== WHAT THE TASK REQUIRES ==
Copy word for word, please, the lines of the entries below running from the one containing "- Bovenste lade" to the one containing "The non-linear code", both ends included.

== EXERCISE MATERIALS ==
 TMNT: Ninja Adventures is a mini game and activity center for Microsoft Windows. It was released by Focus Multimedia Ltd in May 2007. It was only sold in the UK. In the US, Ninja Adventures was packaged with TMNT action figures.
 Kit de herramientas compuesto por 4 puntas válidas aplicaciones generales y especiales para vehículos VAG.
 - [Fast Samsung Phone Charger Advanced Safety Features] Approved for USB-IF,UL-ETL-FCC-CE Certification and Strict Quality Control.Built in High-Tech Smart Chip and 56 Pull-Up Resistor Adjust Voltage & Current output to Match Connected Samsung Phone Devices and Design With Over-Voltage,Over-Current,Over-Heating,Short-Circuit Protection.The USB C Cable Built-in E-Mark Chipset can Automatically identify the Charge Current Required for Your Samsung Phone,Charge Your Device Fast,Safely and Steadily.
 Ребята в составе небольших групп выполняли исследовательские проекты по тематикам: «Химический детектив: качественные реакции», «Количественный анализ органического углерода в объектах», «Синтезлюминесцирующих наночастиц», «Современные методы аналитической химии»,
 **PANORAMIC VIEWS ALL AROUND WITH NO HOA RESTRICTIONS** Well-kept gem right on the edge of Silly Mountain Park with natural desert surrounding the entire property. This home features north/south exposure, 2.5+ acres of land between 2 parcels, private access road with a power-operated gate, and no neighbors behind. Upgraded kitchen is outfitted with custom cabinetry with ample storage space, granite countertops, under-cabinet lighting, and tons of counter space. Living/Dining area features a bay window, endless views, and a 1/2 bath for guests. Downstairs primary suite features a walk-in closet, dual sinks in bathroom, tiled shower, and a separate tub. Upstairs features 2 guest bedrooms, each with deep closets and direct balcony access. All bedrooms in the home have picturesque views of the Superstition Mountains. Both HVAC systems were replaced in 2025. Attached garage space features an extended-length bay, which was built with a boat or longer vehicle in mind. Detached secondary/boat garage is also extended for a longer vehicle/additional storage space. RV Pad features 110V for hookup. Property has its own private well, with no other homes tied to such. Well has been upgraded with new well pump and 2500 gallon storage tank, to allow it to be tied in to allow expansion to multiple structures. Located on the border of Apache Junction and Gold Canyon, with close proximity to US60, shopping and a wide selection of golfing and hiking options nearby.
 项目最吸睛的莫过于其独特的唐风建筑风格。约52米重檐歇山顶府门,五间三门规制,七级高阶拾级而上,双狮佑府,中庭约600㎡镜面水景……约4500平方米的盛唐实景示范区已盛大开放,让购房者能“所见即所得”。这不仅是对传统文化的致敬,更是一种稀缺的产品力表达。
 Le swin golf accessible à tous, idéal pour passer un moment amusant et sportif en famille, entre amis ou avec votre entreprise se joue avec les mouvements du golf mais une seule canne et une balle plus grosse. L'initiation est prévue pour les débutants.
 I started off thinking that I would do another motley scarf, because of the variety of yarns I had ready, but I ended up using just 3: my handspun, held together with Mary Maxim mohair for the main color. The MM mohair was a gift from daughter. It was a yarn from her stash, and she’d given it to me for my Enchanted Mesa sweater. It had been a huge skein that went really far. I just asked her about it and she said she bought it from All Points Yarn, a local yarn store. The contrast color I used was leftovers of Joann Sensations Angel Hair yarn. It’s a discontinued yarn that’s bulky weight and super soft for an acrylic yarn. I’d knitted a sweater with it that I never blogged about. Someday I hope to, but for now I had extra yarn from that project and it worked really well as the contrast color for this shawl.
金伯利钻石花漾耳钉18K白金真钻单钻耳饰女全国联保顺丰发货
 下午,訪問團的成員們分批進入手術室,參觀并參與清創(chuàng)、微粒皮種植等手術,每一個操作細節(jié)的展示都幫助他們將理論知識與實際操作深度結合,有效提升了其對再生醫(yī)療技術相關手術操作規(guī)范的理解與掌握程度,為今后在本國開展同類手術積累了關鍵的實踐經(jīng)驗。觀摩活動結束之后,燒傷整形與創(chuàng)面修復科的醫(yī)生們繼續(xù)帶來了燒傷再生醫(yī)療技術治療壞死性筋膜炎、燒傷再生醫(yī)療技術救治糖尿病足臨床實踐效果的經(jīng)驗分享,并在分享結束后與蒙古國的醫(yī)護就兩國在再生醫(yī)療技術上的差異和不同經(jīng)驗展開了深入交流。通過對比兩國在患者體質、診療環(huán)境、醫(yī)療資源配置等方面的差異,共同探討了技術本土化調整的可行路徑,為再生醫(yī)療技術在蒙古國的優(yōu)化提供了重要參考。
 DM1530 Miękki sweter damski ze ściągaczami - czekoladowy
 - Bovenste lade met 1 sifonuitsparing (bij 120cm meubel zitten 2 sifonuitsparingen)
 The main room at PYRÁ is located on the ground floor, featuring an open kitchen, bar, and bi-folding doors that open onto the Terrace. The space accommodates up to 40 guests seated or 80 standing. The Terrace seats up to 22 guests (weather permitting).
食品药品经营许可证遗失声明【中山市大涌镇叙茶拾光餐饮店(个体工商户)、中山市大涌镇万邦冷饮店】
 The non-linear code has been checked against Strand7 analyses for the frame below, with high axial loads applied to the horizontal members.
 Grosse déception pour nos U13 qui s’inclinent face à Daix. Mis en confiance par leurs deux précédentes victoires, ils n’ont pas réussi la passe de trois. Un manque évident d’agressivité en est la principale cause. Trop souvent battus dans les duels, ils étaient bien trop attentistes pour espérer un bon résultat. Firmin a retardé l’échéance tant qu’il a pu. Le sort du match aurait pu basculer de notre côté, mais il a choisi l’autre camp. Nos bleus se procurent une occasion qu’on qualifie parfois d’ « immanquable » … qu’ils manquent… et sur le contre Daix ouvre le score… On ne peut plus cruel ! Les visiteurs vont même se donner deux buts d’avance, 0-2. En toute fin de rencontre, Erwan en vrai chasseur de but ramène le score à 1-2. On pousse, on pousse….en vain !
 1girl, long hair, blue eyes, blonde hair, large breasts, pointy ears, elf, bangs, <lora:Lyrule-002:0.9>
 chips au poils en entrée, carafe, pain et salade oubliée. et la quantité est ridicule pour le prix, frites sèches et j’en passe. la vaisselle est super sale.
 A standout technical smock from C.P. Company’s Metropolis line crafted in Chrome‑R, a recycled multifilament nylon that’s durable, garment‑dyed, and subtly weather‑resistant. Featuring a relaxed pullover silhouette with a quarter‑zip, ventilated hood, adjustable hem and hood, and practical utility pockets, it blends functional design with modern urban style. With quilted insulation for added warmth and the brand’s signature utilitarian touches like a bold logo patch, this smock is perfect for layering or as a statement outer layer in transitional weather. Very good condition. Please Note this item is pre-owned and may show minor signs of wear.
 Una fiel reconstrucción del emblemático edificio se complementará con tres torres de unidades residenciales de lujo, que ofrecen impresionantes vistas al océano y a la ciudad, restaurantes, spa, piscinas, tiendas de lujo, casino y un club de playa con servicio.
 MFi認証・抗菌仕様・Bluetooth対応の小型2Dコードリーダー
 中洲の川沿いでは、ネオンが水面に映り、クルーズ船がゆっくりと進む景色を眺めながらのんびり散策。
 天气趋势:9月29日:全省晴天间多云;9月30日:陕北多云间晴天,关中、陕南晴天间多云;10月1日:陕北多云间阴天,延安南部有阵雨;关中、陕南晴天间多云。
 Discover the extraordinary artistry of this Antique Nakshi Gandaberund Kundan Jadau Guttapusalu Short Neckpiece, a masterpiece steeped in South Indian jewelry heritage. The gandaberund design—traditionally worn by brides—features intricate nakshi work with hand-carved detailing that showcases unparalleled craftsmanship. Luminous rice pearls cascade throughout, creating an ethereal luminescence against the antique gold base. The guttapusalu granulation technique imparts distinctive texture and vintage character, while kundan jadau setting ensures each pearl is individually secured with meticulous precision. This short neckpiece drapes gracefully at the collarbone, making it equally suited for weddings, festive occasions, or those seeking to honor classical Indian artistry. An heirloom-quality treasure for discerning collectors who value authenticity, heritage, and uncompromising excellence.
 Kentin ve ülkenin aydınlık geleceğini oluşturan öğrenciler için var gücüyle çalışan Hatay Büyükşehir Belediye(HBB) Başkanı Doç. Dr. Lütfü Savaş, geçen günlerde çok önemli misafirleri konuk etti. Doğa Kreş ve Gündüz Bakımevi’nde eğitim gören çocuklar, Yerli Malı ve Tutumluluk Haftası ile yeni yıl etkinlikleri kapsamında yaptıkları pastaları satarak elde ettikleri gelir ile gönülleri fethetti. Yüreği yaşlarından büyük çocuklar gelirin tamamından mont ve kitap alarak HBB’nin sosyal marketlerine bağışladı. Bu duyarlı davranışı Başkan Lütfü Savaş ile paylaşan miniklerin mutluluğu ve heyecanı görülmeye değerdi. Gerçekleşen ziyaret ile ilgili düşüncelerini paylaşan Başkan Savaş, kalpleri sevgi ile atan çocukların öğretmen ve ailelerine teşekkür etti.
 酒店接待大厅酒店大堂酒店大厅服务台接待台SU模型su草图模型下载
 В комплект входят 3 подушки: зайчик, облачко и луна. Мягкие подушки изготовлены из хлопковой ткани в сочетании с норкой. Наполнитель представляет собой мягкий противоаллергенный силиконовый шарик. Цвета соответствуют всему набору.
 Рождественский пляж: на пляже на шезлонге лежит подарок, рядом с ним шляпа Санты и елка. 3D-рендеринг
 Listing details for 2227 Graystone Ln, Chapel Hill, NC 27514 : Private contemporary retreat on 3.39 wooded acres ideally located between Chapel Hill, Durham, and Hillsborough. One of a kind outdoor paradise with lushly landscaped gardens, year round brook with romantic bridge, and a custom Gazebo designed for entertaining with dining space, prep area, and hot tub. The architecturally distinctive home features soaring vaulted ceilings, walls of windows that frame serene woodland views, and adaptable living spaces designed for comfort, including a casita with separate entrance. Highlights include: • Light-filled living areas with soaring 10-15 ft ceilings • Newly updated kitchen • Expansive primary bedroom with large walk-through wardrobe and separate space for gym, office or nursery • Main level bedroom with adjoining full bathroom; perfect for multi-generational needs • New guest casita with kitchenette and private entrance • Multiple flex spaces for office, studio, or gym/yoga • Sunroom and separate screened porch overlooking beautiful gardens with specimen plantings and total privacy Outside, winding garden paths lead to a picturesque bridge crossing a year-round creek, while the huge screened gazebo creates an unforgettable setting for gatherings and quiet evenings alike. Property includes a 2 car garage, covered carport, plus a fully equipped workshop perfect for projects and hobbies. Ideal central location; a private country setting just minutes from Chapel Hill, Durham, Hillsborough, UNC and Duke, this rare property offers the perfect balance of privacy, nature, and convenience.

== TASK RESULT ==
 - Bovenste lade met 1 sifonuitsparing (bij 120cm meubel zitten 2 sifonuitsparingen)
 The main room at PYRÁ is located on the ground floor, featuring an open kitchen, bar, and bi-folding doors that open onto the Terrace. The space accommodates up to 40 guests seated or 80 standing. The Terrace seats up to 22 guests (weather permitting).
食品药品经营许可证遗失声明【中山市大涌镇叙茶拾光餐饮店(个体工商户)、中山市大涌镇万邦冷饮店】
 The non-linear code has been checked against Strand7 analyses for the frame below, with high axial loads applied to the horizontal members.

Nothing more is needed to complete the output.